- Location in San Luis Obispo County, California
- Callender Location in California
- Coordinates: 35°03′11″N 120°35′47″W﻿ / ﻿35.053032°N 120.596282°W
- Country: United States
- State: California
- County: San Luis Obispo

Area
- • Total: 2.29 sq mi (5.92 km^{2})
- • Land: 2.29 sq mi (5.92 km^{2})
- • Water: 0 sq mi (0 km^{2})
- Elevation: 102 ft (31 m)

Population (2020)
- • Total: 1,282
- • Density: 561/sq mi (216.5/km^{2})
- Time zone: UTC-8 (Pacific (PST))
- • Summer (DST): UTC-7 (PDT)
- Area codes: 805/820
- FIPS code: 06-09948
- GNIS feature IDs: 252865 (settlement); 2582956 (CDP)

= Callender, California =

Census-designated place in California

Callender is an unincorporated community in San Luis Obispo County, California, United States. Its population was 1,282 at the 2020 census, compared with 1,262 in 2010. It lies along State Route 1, south of Arroyo Grande.

The surrounding coastal region is part of the Northern Chumash homeland.

== History ==
The nearby Oceano dunes are part of the ancestral homeland of the Northern Chumash, also known as the Obispeño. Coastal and inland communities exchanged shell beads and stone used for tools through regional trading networks. Archaeological investigations on the surrounding Nipomo Mesa have documented camps and settlements along the bluffs and dunes, near springs, and along Black Lake Canyon.

The yak titʸu titʸu yak tiłhini Northern Chumash Tribe describes European disease, the Spanish mission system, the Mexican conquest and American colonization as forces that brought the tribe close to destruction. Northern Chumash descendants continue to live in the region and maintain cultural and linguistic traditions. The tribe supports language development, cultural education, and the stewardship of ancestral lands.

== Geography ==
The Census Bureau's 2020 gazetteer gives the Callender CDP an area of 2.286 sqmi, all land. The U.S. Geological Survey's populated-place record lists Callender's elevation as 102 ft.

The county's South County Villages Plan, adopted in 2014, describes the Callender–Garrett planning area as a semi-rural settlement on the Nipomo Mesa. It identifies the area south of State Route 1 as the Garrett Tract and describes a mixture of residential, agricultural, and undeveloped land between Callender Road and Black Lake Canyon.

== Demographics ==

Callender was first listed as a CDP in the 2010 census.

At the 2020 census, Callender had 1,282 residents. Of these, 1,266 (98.8%) lived in households and 16 (1.2%) in noninstitutional group quarters. The median age was 46.1 years; 255 residents (19.9%) were under 18 and 298 (23.2%) were aged 65 or older.
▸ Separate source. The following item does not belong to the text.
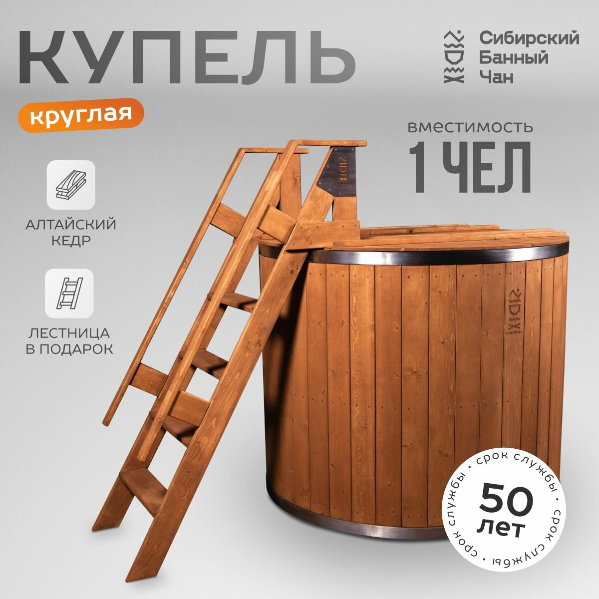 Купель "Сибирская" деревянная с металлической емкостью с лестницей круглая Сибирский Банный Чан
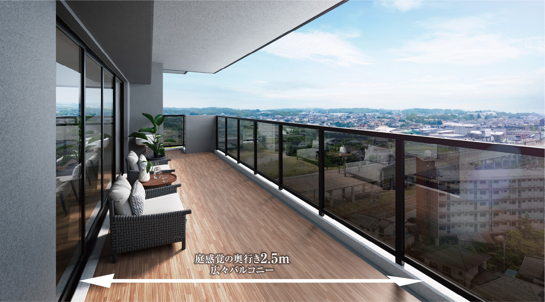 アウトドアリビングという発想から生まれた、奥行き2.5mの広々バルコニー。

Racial composition, 2020 census
| Race | Population | Percentage |
|---|---|---|
| White | 864 | 67.4% |
| Black or African American | 10 | 0.8% |
| American Indian and Alaska Native | 24 | 1.9% |
| Asian | 37 | 2.9% |
| Native Hawaiian and other Pacific Islander | 0 | 0.0% |
| Some other race | 106 | 8.3% |
| Two or more races | 241 | 18.8% |

Hispanic or Latino residents, who may be of any race, numbered 392 (30.6%).

There were 449 households, including 244 married-couple households and 39 cohabiting-couple households. Of all households, 127 (28.3%) included someone under 18, and 93 (20.7%) consisted of one person.

The CDP contained 490 housing units, of which 449 were occupied and 41 vacant. Of the occupied units, 291 (64.8%) were owner-occupied and 158 (35.2%) were rented.

Historical population
| Census | Pop. | Note | %± |
| 2010 | 1,262 |  | — |
| 2020 | 1,282 |  | 1.6% |
U.S. Census Bureau

== Education ==
Callender is within the Lucia Mar Unified School District.